At times, happiness at all costs can become tiresome and exhilaration makes way for new yearnings of dark emotion and unexplored nostalgia. Feelings, madness and the dream are today’s new luxuries, giving prominence to personality above frivolous appearances that have become boring of late. It isn’t merely the fault of a too fast and short lived stylistic excess, because the rules are always the same, to reaction, action. Interest in a season of overindulgence is forgotten and replaced with a glow-to-go outlook that ‘illuminates beauty with immensity’, exploring the centuries in the search of a little ‘savoir vivre’. In a kind of illusory wheel of eternally repeating to oneself there is a true Romantic remake but with a difference; from the past we only distill the one thing in harmony with the present and that is light. This is because light and regeneration are the ying and yang of a new beauty concept, ‘more with less’.

So, panta rei and back to the past! More precisely the past of Shakespeare’s heroines, feminine  and educated, whose grace results from the balance between light and dark. The sleeping beauties of English 19th century paintings have awoken and are among us, more metropolitan than ever!

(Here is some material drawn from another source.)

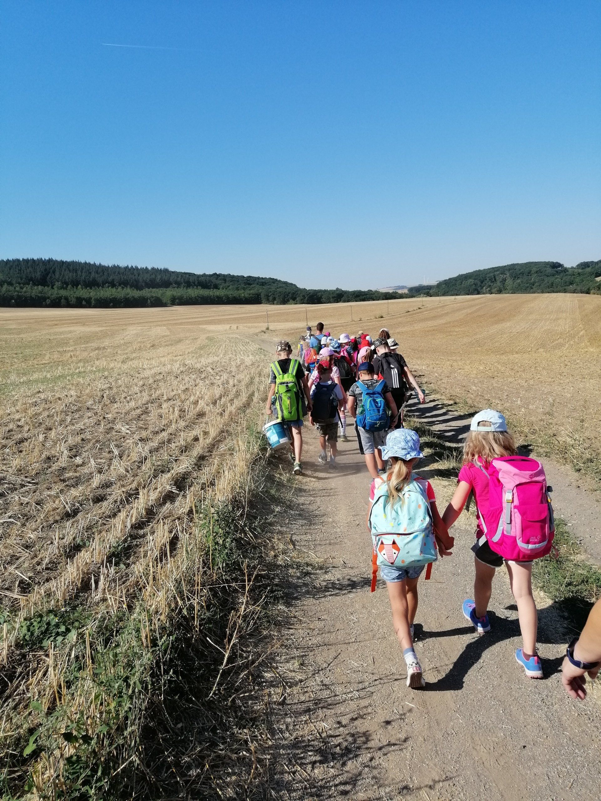 In der zweiten Ferienwoche konnten die Kinder wählen, ob sie an einer kleinen Wanderung mit Schatzsuche von Bassenheim nach Mülheim-Kärlich teilnehmen oder lieber direkt mit dem Bus zum Wasserspielplatz fahren wollten. Die tapferen Kinder, die trotz der warmen Temperaturen die Wanderung wählten, freuten sich anschließend umso mehr über das kühle Nass.

They are looking for fun with strobing strokes for a long lasting, all-over radiance for cheek bones, nose, cupid’s bow and the centre of the forehead. Dark and light isn’t just a look but a way of life: light therapy and iridescent textures like life’s surprises; meditative darkness to shape the face, reminiscent of those heady sensations when your mind drifts off in thought.

In such sophisticated surroundings, good taste abounds and you aspire to the essential but certainly not without pleasure. Romantic women love the slow life that helps identify the right pace for heart and skin. The glowing look setting, very important to artists like Blake, has faded from paintings and now with detox cures and oxygen boosters, is in a shade accessible to all of us. Art dresses us in light and cosmetics grace us with a radiant complexion thanks to barrier effect products and global protection against pollution and radiation.       

What more can we say? The past teaches us. If by chance then, the glow-to-go effect should be late arriving, whisper the incantation –Lumos maxima– with determination and conviction. It might help, but without Harry Potter around… will it work? Let’s turn the light on our beauty routine and get in line for the next art exhibition because in front of Hayez’s kiss your face will beam.